How to Convert a Changelog to a Table in ksqlDB for Confluent Platform¶
Context¶
You have a topic or a stream of events that represent a series of changes, known as a changelog. You want a view of the data that reflects only the last change for each key. Because ksqlDB represents change over time using tables, you need a way to convert your changelog into a table. This is broadly called materializing a changelog into a table.
Materializing a changelog topic¶
If you have a changelog
topic, and you want a view of the data that
reflects the latest values for each key then simply create a table with
the changelog
topic using the CREATE SOURCE TABLE
statement.
Let’s say that you have the following data in your changelog
topic
where the first row is the record that has the earliest offset and the
last row is the record that has the latest offset:
+------+------+------+------+
|K |V1 |V2 |V3 |
+------+------+------+------+
|k1 |0 |a |true |
|k2 |1 |b |false |
|k1 |2 |c |false |
|k3 |3 |d |true |
|k2 |4 |e |true |
Note that there are 2 records for the keys k1
and k2
in the
changelog
topic.
Make a table latest_view
with four columns. k
represents the key
of the table.
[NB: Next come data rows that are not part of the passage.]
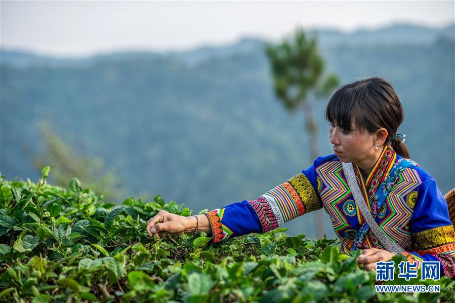 4月11日,在云南省勐??h布朗山鄉(xiāng),娜四在采茶。新華社記者胡超攝
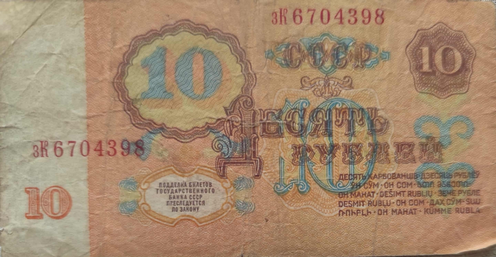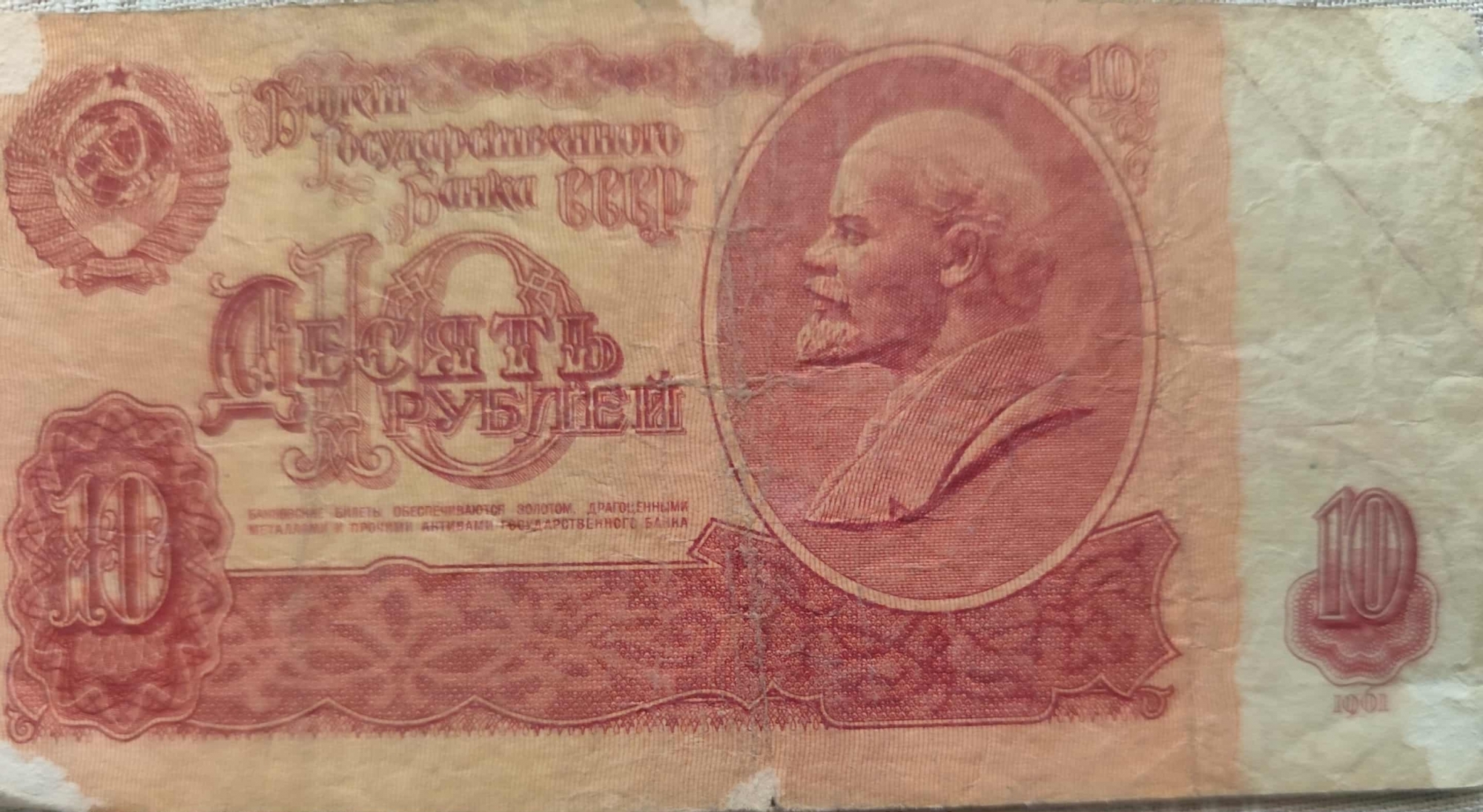 Bancnotă de formă dreptunghiulară cu nominalul de 10 ruble din URSS. Bancnota este predominant în nuanțe de roz și este decolorată puțin , fiind vizibilă vechimea. Pe revers bancnota are nuanțe de roșie- partocalie Într-un chenar oval pe partea stîngă sus, cu un desen albastru în interior este valoarea indicată nominală 10, care este indicată și într-un chenar rotund în colțul din dreapta sus și un 10 mai mic de culoare roșie în colțul din stînga jos. În centru valoarea este scrisă cu litere chirilice mari, stilizate , cu contur albastru și interior alb ДЕСЯТЬ РУБЛЕЙ ( Zece ruble). În partea de sus central - dreaptă și în partea de jos stînga este imprimată seria și numărul bancnotei зК 6704398. Deasupra valorii nominale centrale este scris CCCP (URSS) într-un chenar decorativ. În partea stîngă jos , într-un chenar decorativ este un text scris cu litere chirilice în care se specifică despre faptul că ,,Falsificarea bancnotelor de stat se pedepsește prin lege,, Pe partea dreaptă ,sub valoarea nominală în litere este repetată valoarea nominală în toate limbile țărilor membre URSS . Pe aversul bancnotei pe partea partea centrală stînga , dar și în colțul din dreapta jos este imprimată cifra mare 10, iar sub număr este scrisă valoarea nominală cu litere ДЕСЯТЬ РУБЛЕЙ ( Zece ruble). În partea superioară centrală este scris cu litere chirilice БИЛЕТ ГОСУДАРСТВЕННОГО БАНКА СССР (Bilet al Băncii de Stat a URSS). Pe partea dreaptă a bancnotei, într-un cerc este un portret a lui Vladimir Lenin, cu profilul orientat spre dreapta. În colțul din stînga sus este vizibilă stema Uniunii Sovietice, cu secera și ciocanul înconjurate de spice de grîu .Sub valoarea nominală este un text mai mic care se referă la faptul că ,, Biletele bancare sunt garantate cu aur, metale prețioase și alte active ale băncii de stat. În colțul din dreapta jos se valoarea nominală 10 este indicat anul emiterii 1961. Pe suprafața bancnotei există mai multe motive decorative stilizate
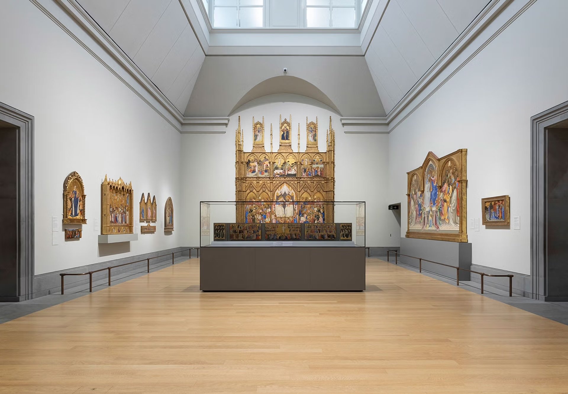 Réencadrées avec une rare finesse par Peter Shade, les deux œuvres reposent sur de sobres socles gris, réservés à travers tout le parcours aux retables majeurs. Devant le retable de Jacopo di Cione, une longue vitrine centrale présente les magnifiques panneaux d’autel de Fra Angelico provenant du couvent de San Domenico à Fiesole, désormais placés plus bas afin de mieux faire ressortir leur fonction originelle de prédelle. Suspendu dans l’espace qui les précède, le Crucifix de Segna di Bonaventura flotte au-dessus du sol – un choix audacieux, qui évoque la manière dont ces crucifix peints étaient traditionnellement accrochés au-dessus de la clôture de chœur dans les églises italiennes du XIVᵉ siècle. Le résultat est une forme de « trinité visuelle », une superposition d’expériences de regard, où les panneaux de Fra Angelico semblent prolonger ou compléter le retable de Cione.
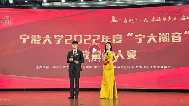 日前,宁波大学“喜迎二十大,永远跟党走,奋进新征程”2022年“宁大潮音”思政微课大赛决赛暨“有思说”青年宣讲团成立仪式在真诚报告厅举行。
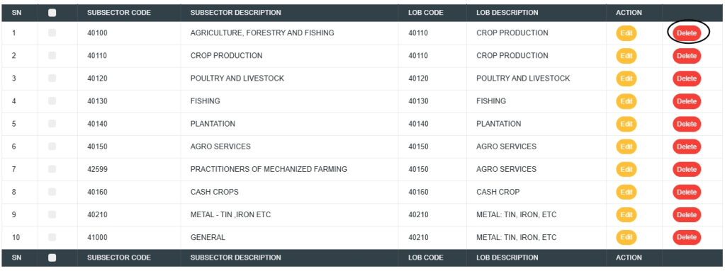 - To delete the Subsector, click on the delete console as shown in Fig.2.6g
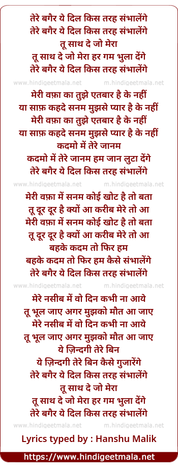 Lyrics of Tere Bagair Yeh Dil Kis Tarah Sambhaalenge - तेरे बगैर ये दिल किस तरह संभालेंगे
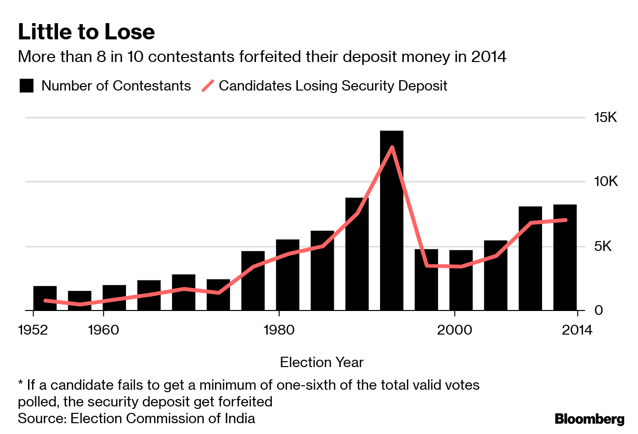 So, why run? Some rebels contest the polls if they’ve been sidelined by their parties, others try to thwart the chances of similarly-named rivals, while still others fight in protest of the political environment. Since 1952, more than three-quarters of aspirants on average have lost their deposits — currently Rs 25,000 ($361) for general candidates and Rs 12,500 for contestants from the underprivileged category.
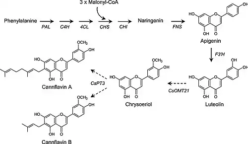 Cannflavins A and B are biosynthesized by prenylation of chrysoeriol.[5]

Rows with the same key represent information about the
same entity. v1
, v2
, and v3
are various value columns.
CREATE SOURCE TABLE latest_view (
k VARCHAR PRIMARY KEY,
v1 INT,
v2 VARCHAR,
v3 BOOLEAN
) WITH (
kafka_topic = 'changelog',
partitions = 1,
value_format = 'JSON'
);
Now, you can view the latest values for each key in your changelog
topic by issuing a pull query against the latest_view
table that you
created above:
SELECT * FROM latest_view;
+------+------+------+------+
|K |V1 |V2 |V3 |
+------+------+------+------+
|k1 |2 |c |false |
|k2 |4 |e |true |
|k3 |3 |d |true |
Notice how for each key, the columns reflect the latest set of values.
If you want to look up the latest value for a particular key, for
example, k2
, issue a pull query for that key:
SELECT * FROM latest WHERE k = 'k2';
+------+------+------+------+
|K |V1 |V2 |V3 |
+------+------+------+------+
|k2 |4 |e |true |
Materializing a changelog STREAM
¶
The best way to materialize an input topic as a table is the
CREATE SOURCE TABLE
statement. If you already have a STREAM
, you
can also materialize it as a table with the CREATE TABLE ... AS ...
statement. This is useful if you have a STREAM
of events in ksqlDB
that represents a series of changes called changelog_stream
, and you
want a view of the data that reflects the latest values for each key.
Begin by telling ksqlDB to start all queries from the earliest point in each topic:
SET 'auto.offset.reset' = 'earliest';
Let’s mimic adding a few records to the changelog_stream
by using
the INSERT INTO
statement:
INSERT INTO changelog_stream (
k, v1, v2, v3
) VALUES (
'k1', 0, 'a', true
);
INSERT INTO changelog_stream (
k, v1, v2, v3
) VALUES (
'k2', 1, 'b', false
);
INSERT INTO changelog_stream (
k, v1, v2, v3
) VALUES (
'k1', 2, 'c', false
);
INSERT INTO changelog_stream (
k, v1, v2, v3
) VALUES (
'k3', 3, 'd', true
);
INSERT INTO changelog_stream (
k, v1, v2, v3
) VALUES (
'k2', 4, 'e', true
);
You can view the data in the changelog_stream
by issuing a pull
query:
SELECT * FROM changelog_stream;
+------+------+------+------+
|K |V1 |V2 |V3 |
+------+------+------+------+
|k1 |0 |a |true |
|k2 |1 |b |false |
|k1 |2 |c |false |
|k3 |3 |d |true |
|k2 |4 |e |true |
Query terminated
To view the data that reflects only the last change for each key in
changelog_stream
, you can derive a table called latest_events
with a CREATE TABLE AS SELECT
statement in conjunction with the
LATEST_BY_OFFSET
aggregation:
CREATE TABLE latest_events AS
SELECT k,
LATEST_BY_OFFSET(v1) AS v1,
LATEST_BY_OFFSET(v2) AS v2,
LATEST_BY_OFFSET(v3) AS v3
FROM changelog_stream
GROUP BY k
EMIT CHANGES;
Now, you can view the latest values for each key in your
changelog_stream
by issuing a pull query against the
latest_events
table that you created above:
SELECT * FROM latest_events;
+------+------+------+------+
|K |V1 |V2 |V3 |
+------+------+------+------+
|k1 |2 |c |false |
|k2 |4 |e |true |
|k3 |3 |d |true |
Notice how for each key, the columns reflect the latest set of values.